Post craft-fair analysis


I’m going to assume this is relevant as all of us will be looking at some point to be slapping a monetary value on our work and presenting it to the public and not all of us will be getting straight into a gallery or having any sort of longevity in one. I decided to try out our village Christmas fair for the experience, knowing what the layout is like, the crammed-in table arrangements, and the tendency of our locals to do a circuit, nod, and leave [yep, that’s been me]. You’ll see from the picture that I was covering a good number of bases there: originals framed, prints mounted, then cards, fridge magnets and *cough* snow-globes. I also took along a couple of copies of my books since I designed the covers and that qualifies as art, right?

I learned four things:

  • People really liked the presentation.
  • They mostly looked along the front of the table, not up at the work on stands.
  • There are physical as well as monetary costs to gigs of this kind – this stock was very heavy indeed to transport and the cases had to be packed and unpacked, lifted into and out of the car, and lugged around multiple times, often in a cramped space.
  • Cats and books again sold better than anything else.

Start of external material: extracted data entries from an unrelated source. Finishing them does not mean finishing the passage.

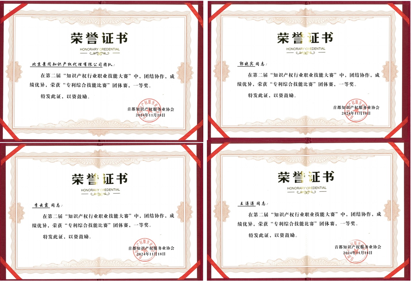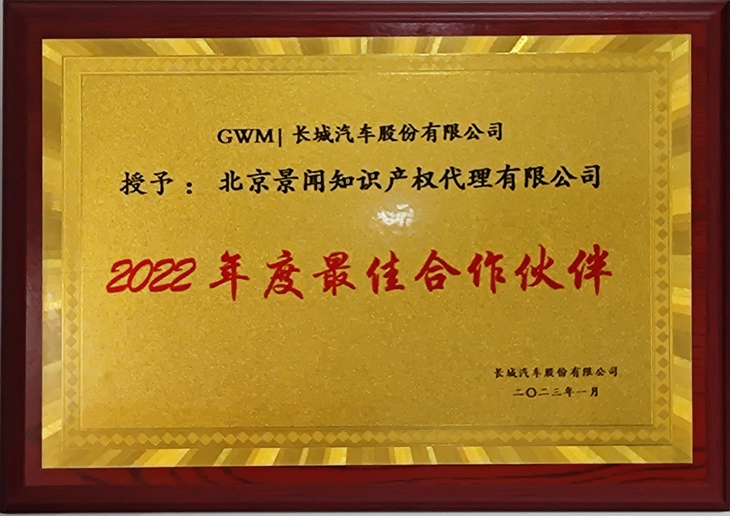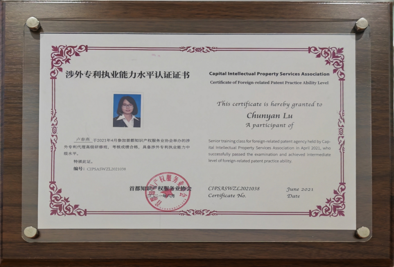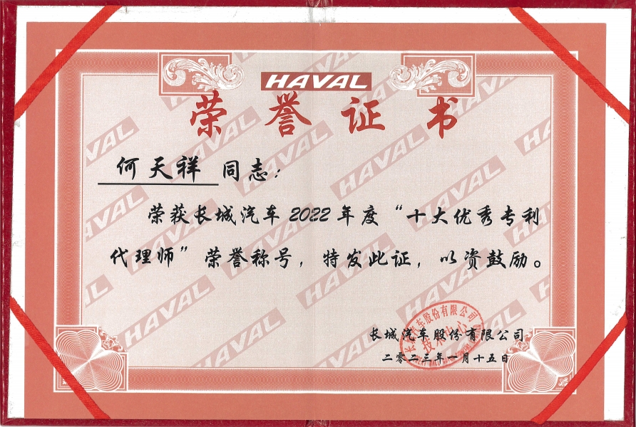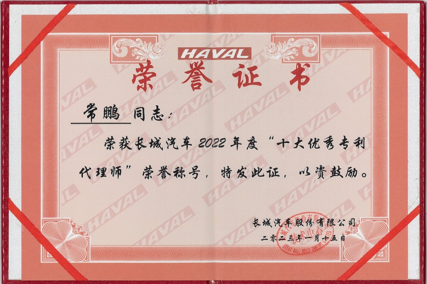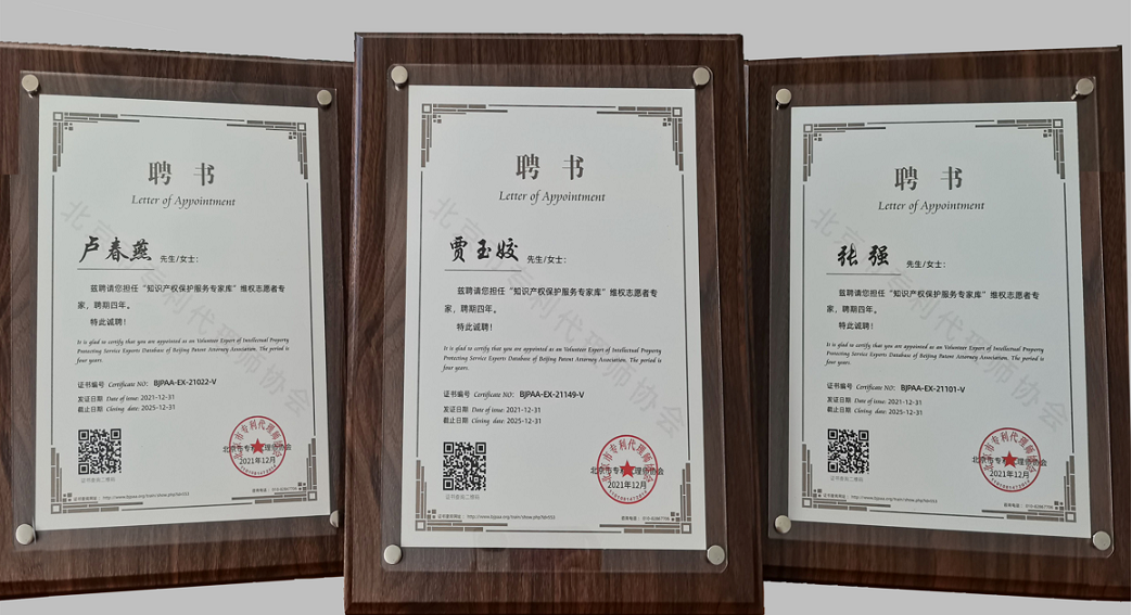 公司获评北京市专利代理师协会颁发的“2022年北京市AAAAA级专利代理机构”、“2021年北京市AAAA级专利代理机构”,并获得客户授予的“2022年度专利最佳合作伙伴”、“2020年度最佳专利维权机构”等荣誉。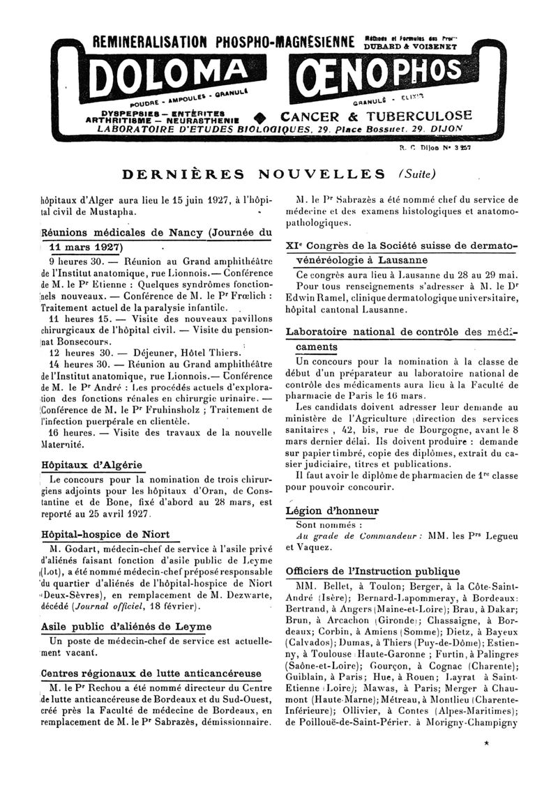 1927, n° 64, partie paramédicale. -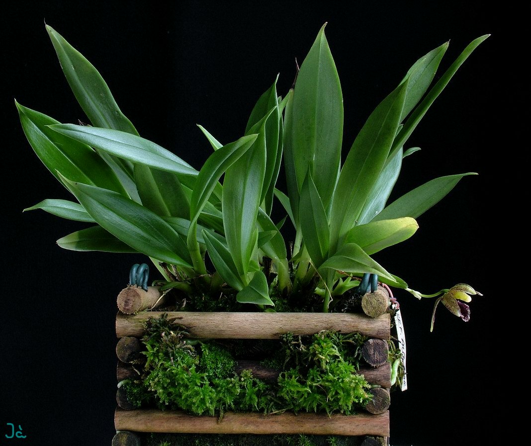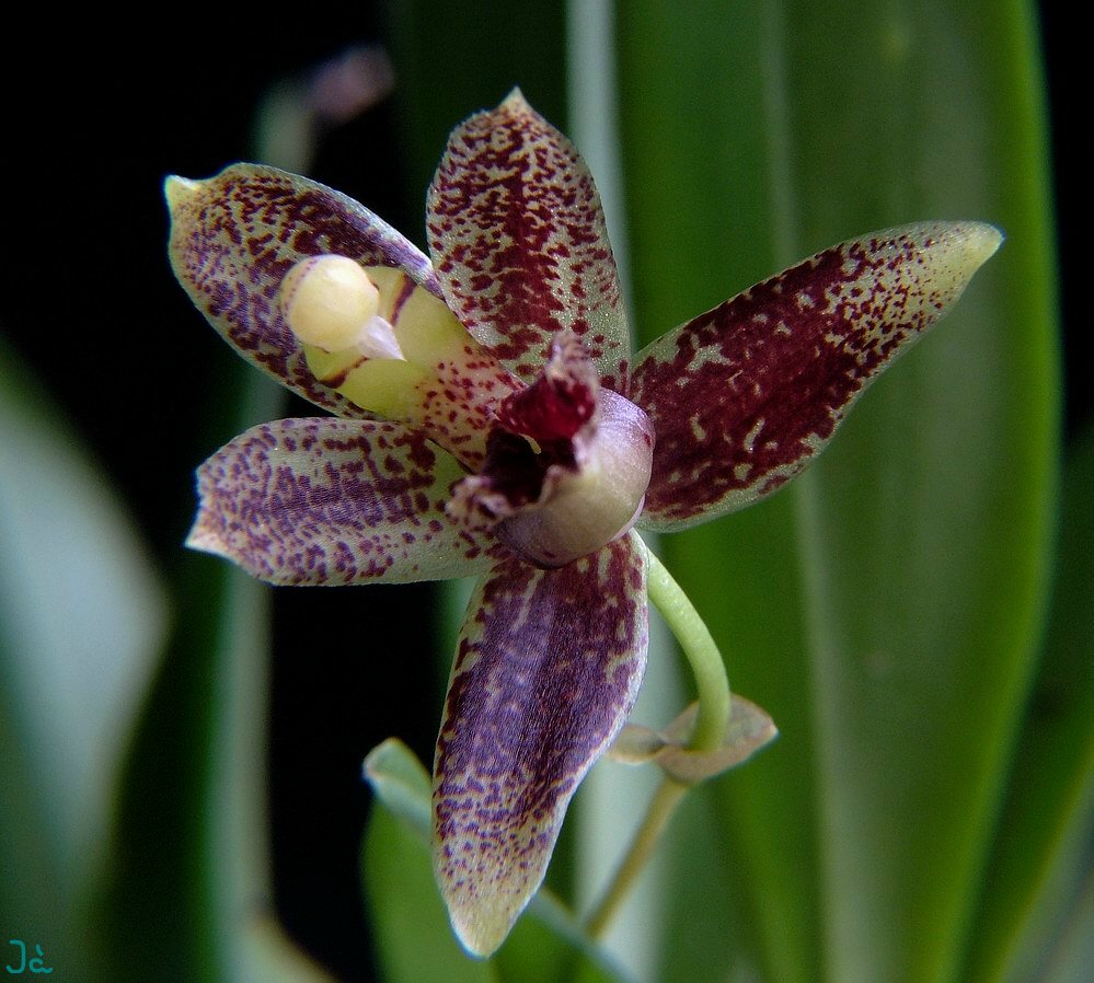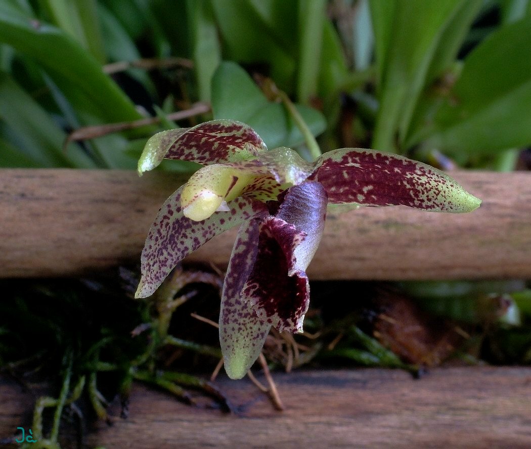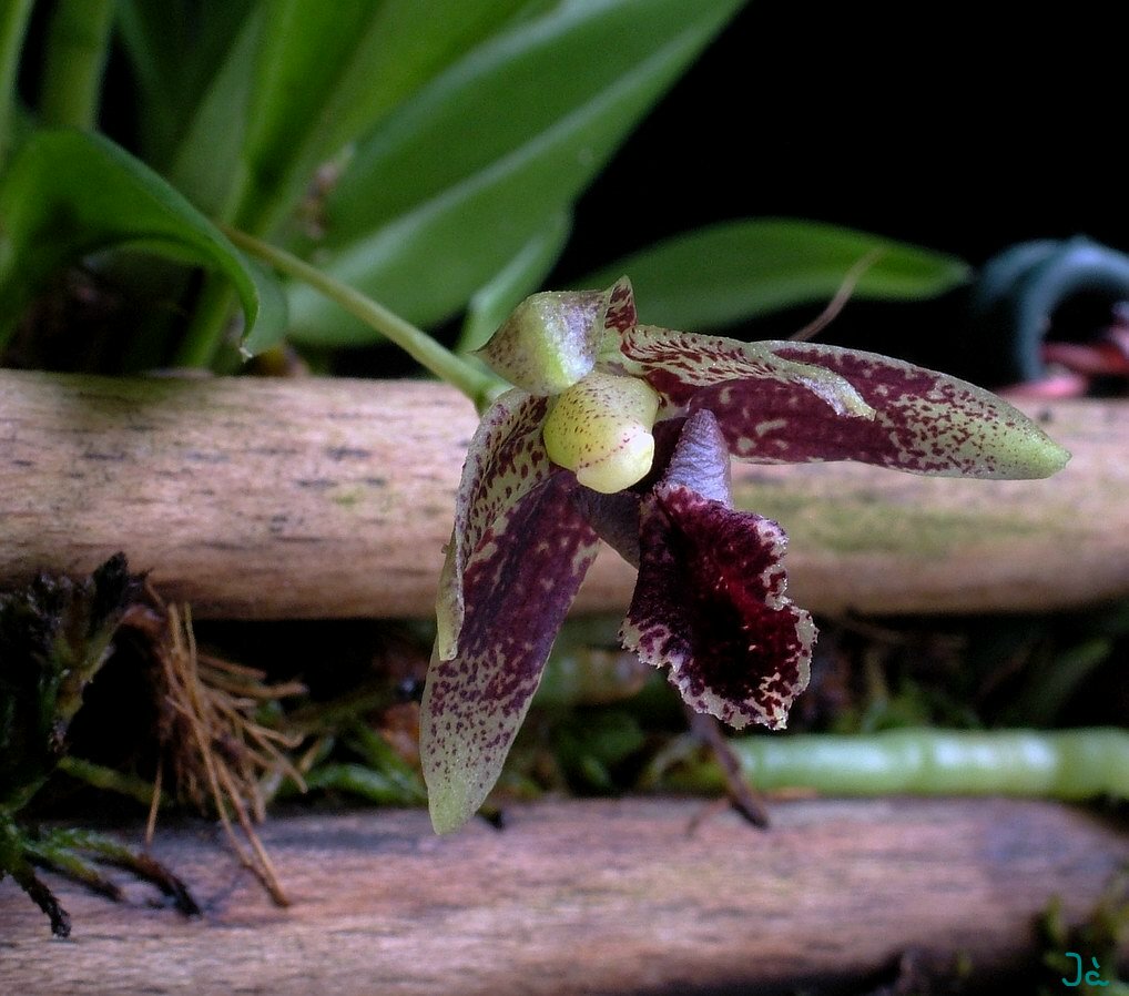 Found in Peru in wet montane forests at elevations around 900 meters as a mini-miniature to miniature sized, warm growing epiphtye with a fan of several, lanceolate, carinate midvein, acuminate, articulate below into the conduplicate base leaves that blooms in the spring and again in the fall on multiple, axillary, 1" [2.5 cm] long, single flowered inflorescence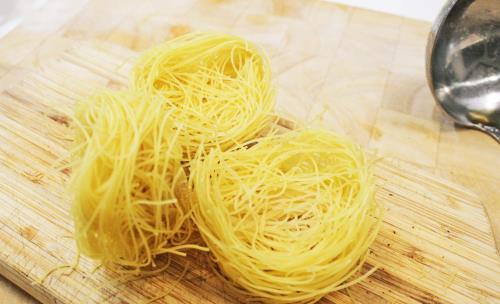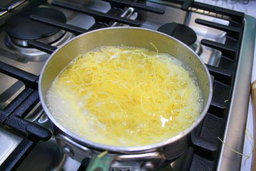 - 2-3 nests angel hair (capellini) uncooked, broken into 2 in lengths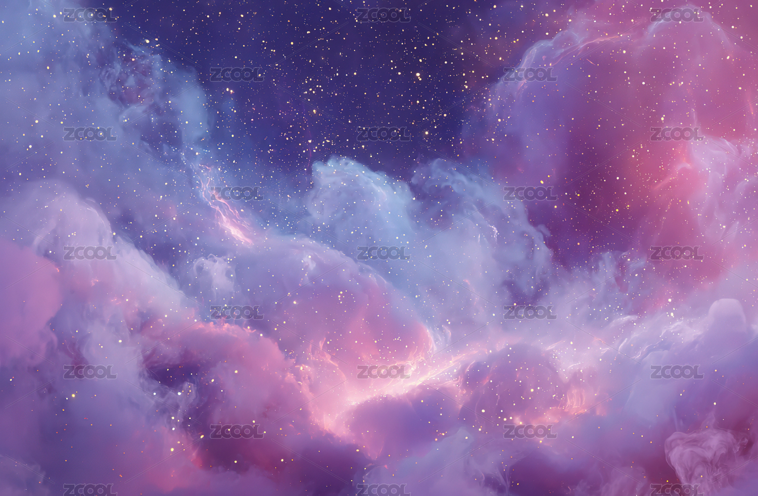 梦幻般的彩色云朵与星空

I just about covered my costs if you don’t include sandwiches, and I’m still creaking from the bending and lifting.


  • If you’re going to do craft fairs, pick your craft fair and your stock to suit.
  • Find different ways to sell – I’ve been fortunate to have some work picked up by Steyning Arts members who own a local gallery and, while their first request has been for, guess what, the cat cards and mounted pictures, there’s the possibility of having paintings in their exhibition room later next year.
  • And still on cats – as a member of Cats Protection and serial adopter of cats, I’m planning on investigating their shop to see if they would like to stock some of my work.
  • Then there’s Etsy or my own website as possibilities but that comes of course with all the hazards of postage, dissatisfied customers and the like.

Am I ready for all that? Well beyond the small matter of not having submitted my first OCA assignment yet, selling would at least make easier the matter of clearing out my house when the time inevitably comes, something my sister is likely to appreciate [and if she doesn’t, am I going to haunt the bejabbers out of her!]


Meanwhile, Sunday morning BBC 6 Music turned out to be an unlikely source of art education via Maryanne Hobbs’ interview with Maggi Hambling, a fierce and uncompromising woman whose hands seem, in her photographs, always to be occupied by cigarettes and glasses of – well – not water. Her work is also uncompromising; wild, in-your-face, sometimes outraged other times utterly in awe, as with her paintings of the sea. As of now, I want to paint like her but as I’m not her, I’ll need to find what it is that gets an artist inside an image and throws it out onto the canvas.